# PROMPT:
Word for word, transcribe the data below from the line with "A mae estava" to the line with "Whether you're accessorizing, staying", keeping both of those lines.

# DATA SHOWN:
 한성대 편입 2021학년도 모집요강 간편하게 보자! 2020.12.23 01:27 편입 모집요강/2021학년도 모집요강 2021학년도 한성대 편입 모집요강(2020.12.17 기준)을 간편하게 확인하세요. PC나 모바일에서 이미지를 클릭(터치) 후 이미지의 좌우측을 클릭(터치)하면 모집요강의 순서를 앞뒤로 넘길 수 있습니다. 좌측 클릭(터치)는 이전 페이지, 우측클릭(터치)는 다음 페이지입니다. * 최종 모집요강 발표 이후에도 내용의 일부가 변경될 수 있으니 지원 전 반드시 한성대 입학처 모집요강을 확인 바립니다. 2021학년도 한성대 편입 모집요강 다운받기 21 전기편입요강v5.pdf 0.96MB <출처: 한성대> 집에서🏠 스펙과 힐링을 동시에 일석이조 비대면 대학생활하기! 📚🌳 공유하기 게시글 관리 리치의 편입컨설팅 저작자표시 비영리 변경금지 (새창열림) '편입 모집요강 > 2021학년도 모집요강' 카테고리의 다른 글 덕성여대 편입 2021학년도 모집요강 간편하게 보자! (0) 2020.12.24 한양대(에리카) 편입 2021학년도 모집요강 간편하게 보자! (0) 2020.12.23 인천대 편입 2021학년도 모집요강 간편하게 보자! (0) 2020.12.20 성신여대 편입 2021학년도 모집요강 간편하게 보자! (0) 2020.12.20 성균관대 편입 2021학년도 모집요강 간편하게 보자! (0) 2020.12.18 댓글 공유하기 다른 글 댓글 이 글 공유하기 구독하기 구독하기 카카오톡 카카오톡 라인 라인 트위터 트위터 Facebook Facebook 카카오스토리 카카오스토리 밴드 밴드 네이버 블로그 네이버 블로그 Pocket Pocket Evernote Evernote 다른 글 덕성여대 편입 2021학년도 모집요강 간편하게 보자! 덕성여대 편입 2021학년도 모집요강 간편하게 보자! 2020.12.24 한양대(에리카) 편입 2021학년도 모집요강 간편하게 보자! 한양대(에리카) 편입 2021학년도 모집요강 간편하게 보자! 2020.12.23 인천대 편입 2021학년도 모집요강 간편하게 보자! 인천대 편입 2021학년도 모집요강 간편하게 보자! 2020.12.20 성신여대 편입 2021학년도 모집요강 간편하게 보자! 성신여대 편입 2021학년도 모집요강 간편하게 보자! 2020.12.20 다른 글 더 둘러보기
...
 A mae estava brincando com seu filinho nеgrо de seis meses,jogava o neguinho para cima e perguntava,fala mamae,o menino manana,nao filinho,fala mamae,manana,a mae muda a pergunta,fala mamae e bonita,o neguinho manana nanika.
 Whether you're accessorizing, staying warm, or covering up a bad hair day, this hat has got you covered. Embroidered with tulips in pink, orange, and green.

# OUTPUT FOR THIS TASK:
 A mae estava brincando com seu filinho nеgrо de seis meses,jogava o neguinho para cima e perguntava,fala mamae,o menino manana,nao filinho,fala mamae,manana,a mae muda a pergunta,fala mamae e bonita,o neguinho manana nanika.
 Whether you're accessorizing, staying warm, or covering up a bad hair day, this hat has got you covered. Embroidered with tulips in pink, orange, and green.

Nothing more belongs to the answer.